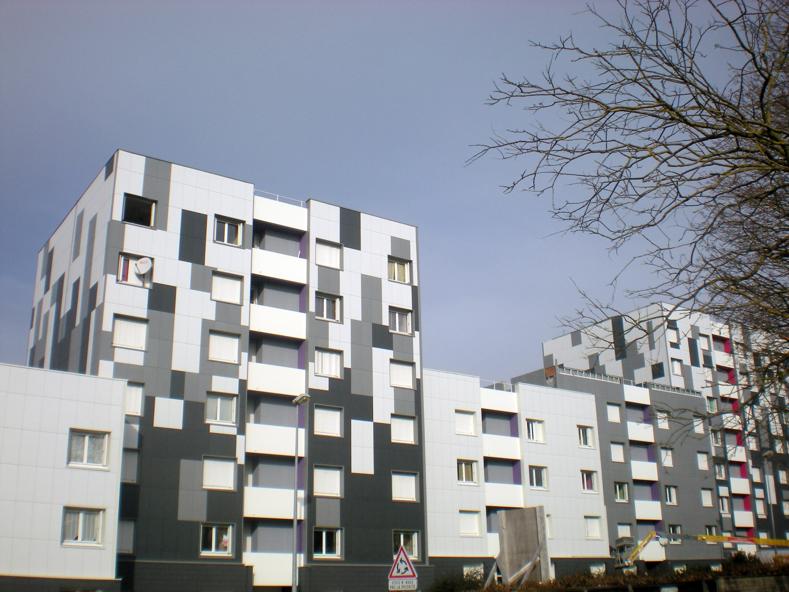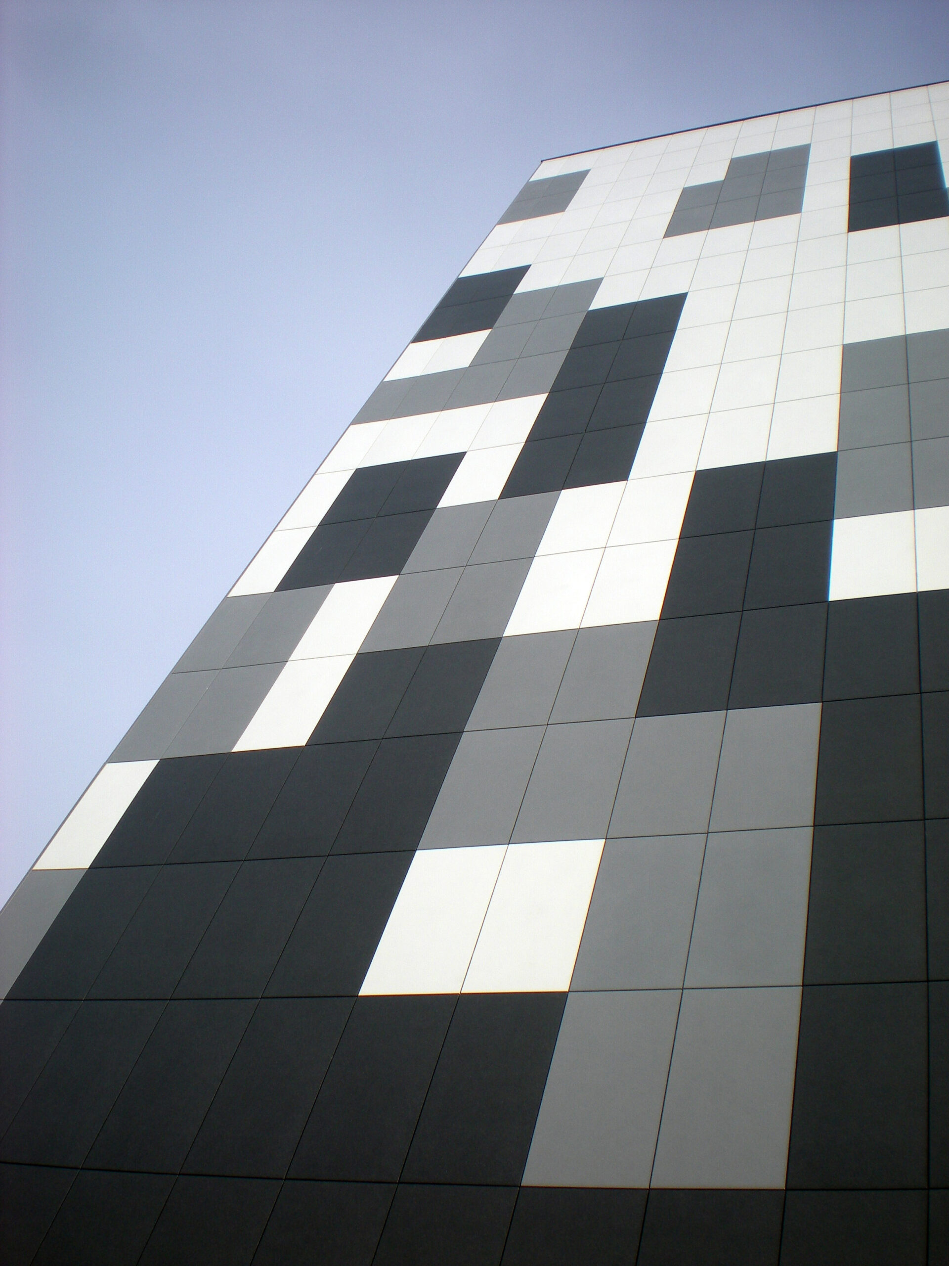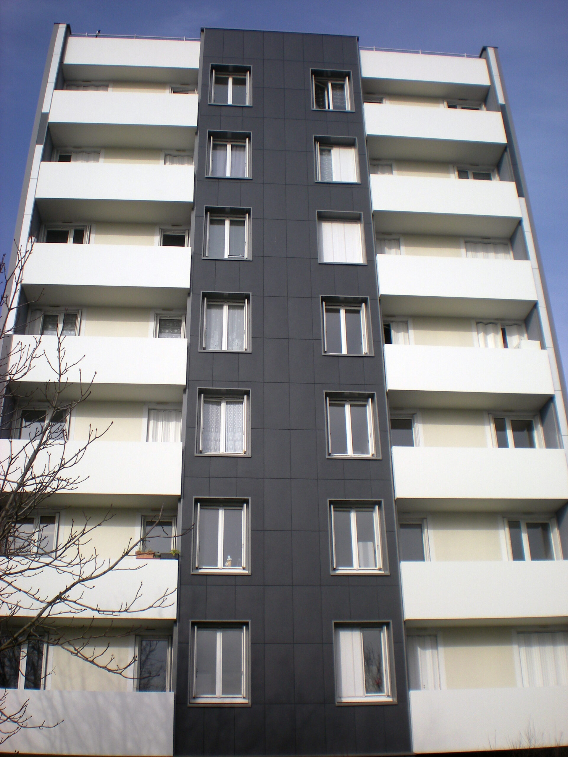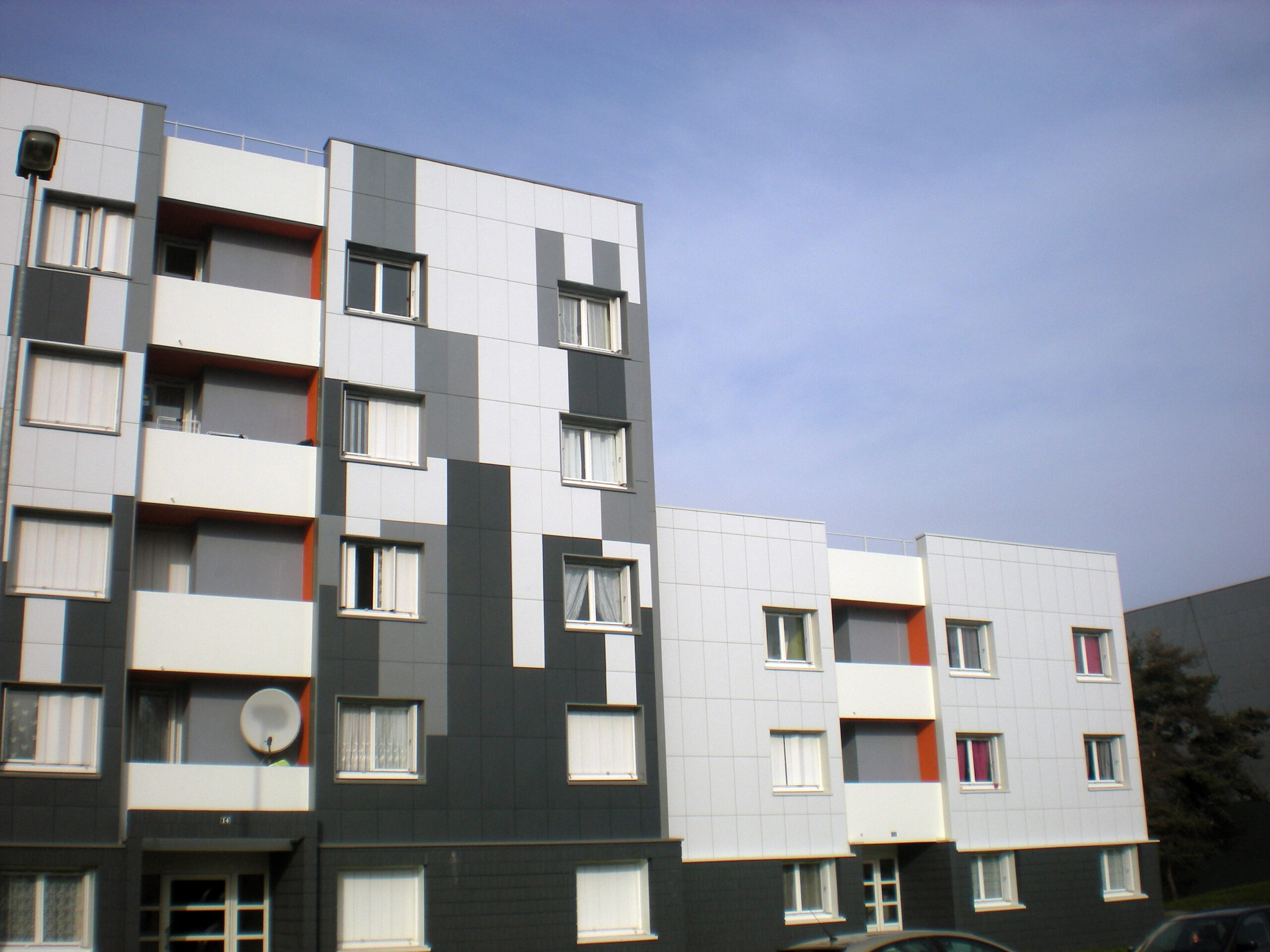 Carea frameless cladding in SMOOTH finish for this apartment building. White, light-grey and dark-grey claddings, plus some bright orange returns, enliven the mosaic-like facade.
* * *
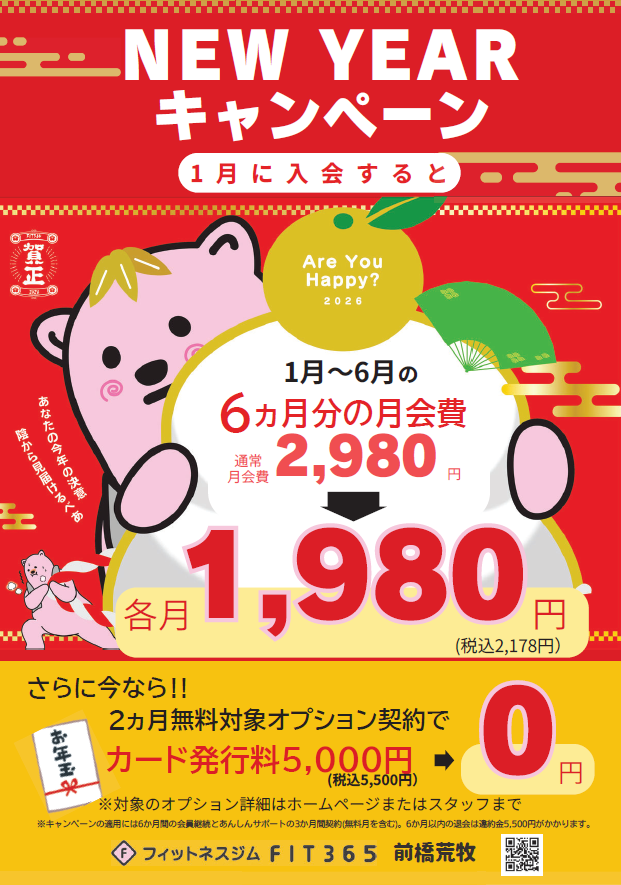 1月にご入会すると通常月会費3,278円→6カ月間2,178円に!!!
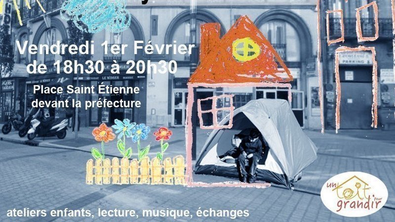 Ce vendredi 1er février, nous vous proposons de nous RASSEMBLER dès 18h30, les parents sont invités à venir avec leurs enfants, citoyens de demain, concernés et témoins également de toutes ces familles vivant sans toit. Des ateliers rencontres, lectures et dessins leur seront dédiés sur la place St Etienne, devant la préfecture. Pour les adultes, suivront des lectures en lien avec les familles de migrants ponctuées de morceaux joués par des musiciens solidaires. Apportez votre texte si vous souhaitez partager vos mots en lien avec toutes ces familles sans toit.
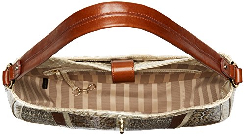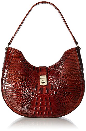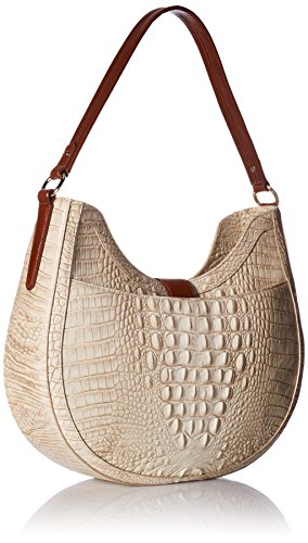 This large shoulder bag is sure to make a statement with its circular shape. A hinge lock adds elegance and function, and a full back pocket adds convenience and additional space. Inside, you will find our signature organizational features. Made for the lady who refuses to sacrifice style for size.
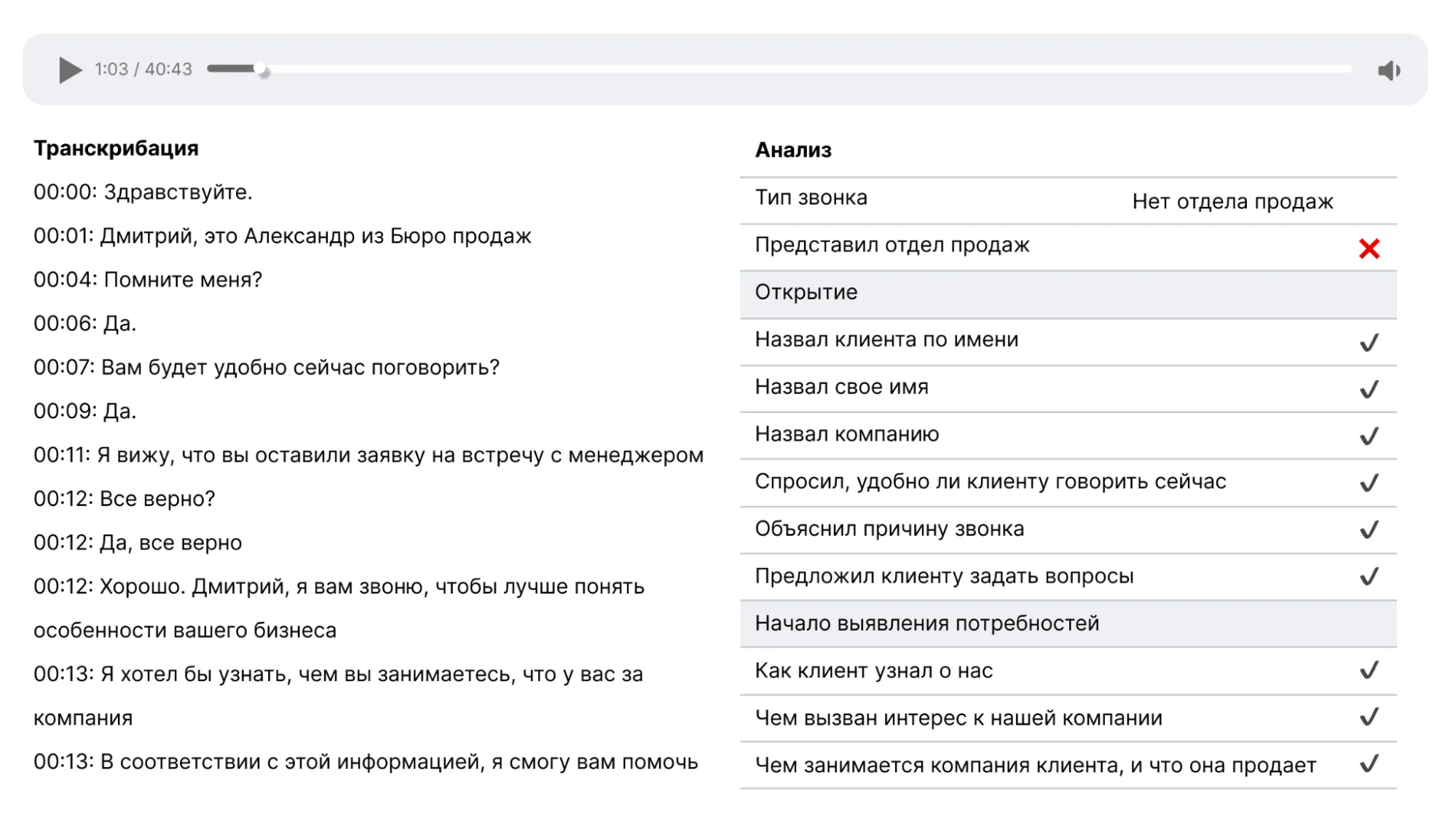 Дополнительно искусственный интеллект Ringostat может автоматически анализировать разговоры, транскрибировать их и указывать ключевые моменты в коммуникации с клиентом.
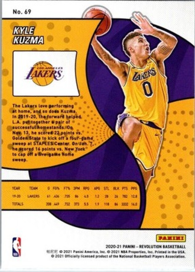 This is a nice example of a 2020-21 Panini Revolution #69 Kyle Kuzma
--
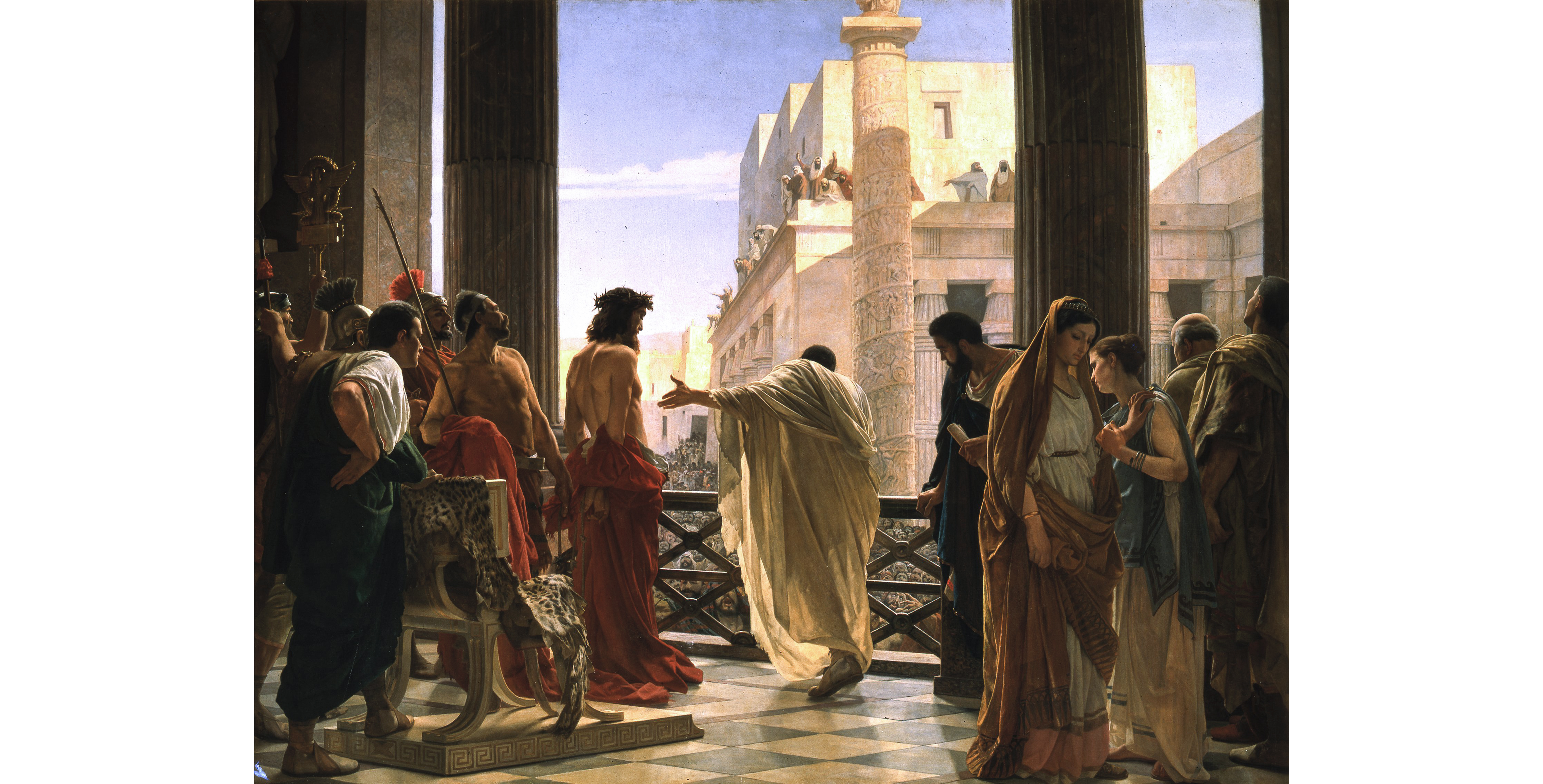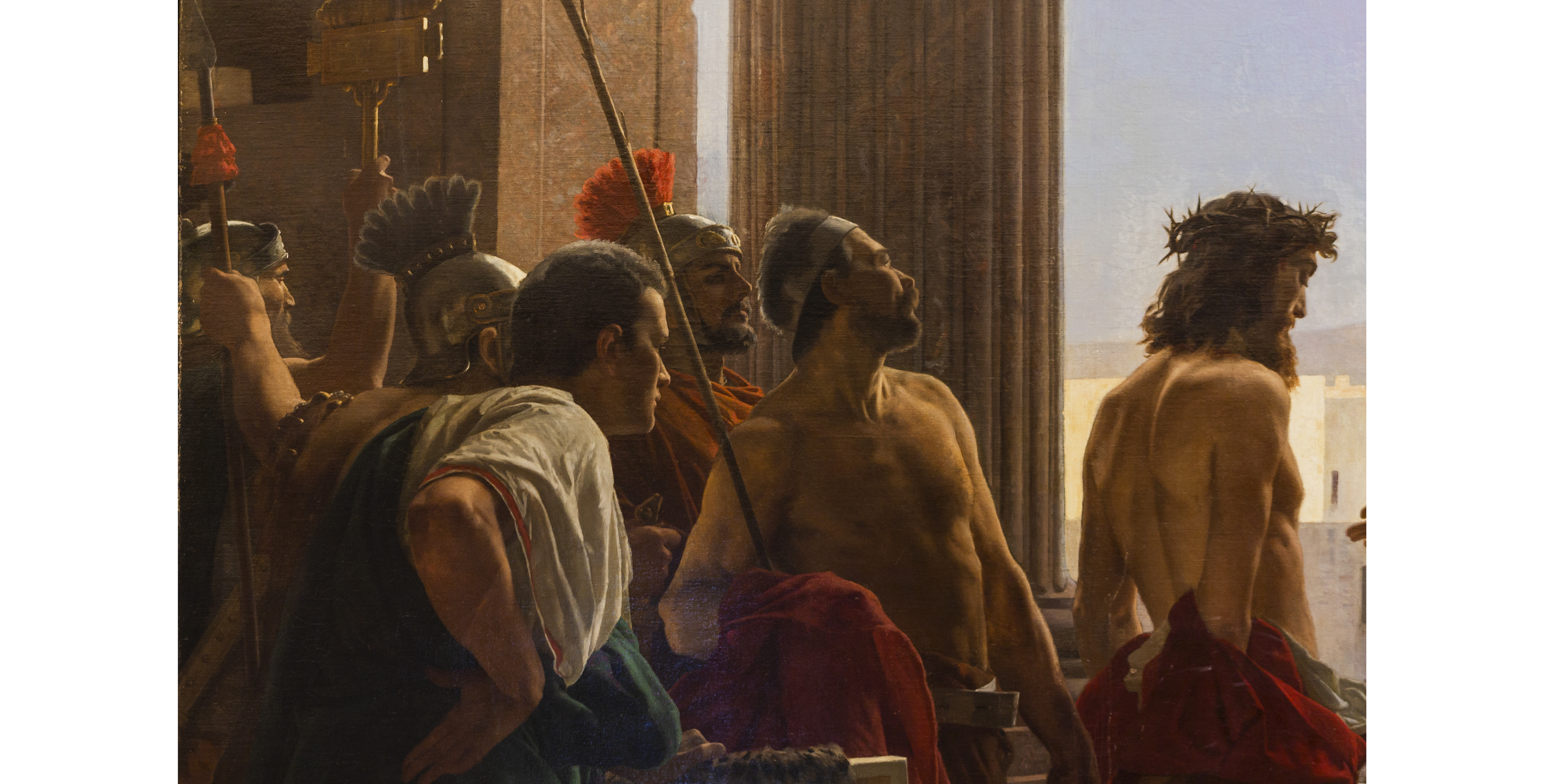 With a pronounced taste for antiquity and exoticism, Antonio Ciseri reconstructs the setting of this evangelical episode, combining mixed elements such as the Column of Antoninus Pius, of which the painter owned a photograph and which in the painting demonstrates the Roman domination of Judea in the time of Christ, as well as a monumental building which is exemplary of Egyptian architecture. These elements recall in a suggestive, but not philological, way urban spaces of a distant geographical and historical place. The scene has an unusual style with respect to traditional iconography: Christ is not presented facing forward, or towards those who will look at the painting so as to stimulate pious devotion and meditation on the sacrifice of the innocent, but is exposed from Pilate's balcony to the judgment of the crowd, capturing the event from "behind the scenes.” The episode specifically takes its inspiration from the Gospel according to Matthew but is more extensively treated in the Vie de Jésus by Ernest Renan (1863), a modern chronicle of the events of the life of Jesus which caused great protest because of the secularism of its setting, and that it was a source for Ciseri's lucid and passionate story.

**Directions**
Starting at the line with "This large shoulder" in the entries above, write out every line exactly until the line with "This is a nice" has been written. Include no pictures and nothing more.

**Completed exercise**
 This large shoulder bag is sure to make a statement with its circular shape. A hinge lock adds elegance and function, and a full back pocket adds convenience and additional space. Inside, you will find our signature organizational features. Made for the lady who refuses to sacrifice style for size.
 Дополнительно искусственный интеллект Ringostat может автоматически анализировать разговоры, транскрибировать их и указывать ключевые моменты в коммуникации с клиентом.
 This is a nice example of a 2020-21 Panini Revolution #69 Kyle Kuzma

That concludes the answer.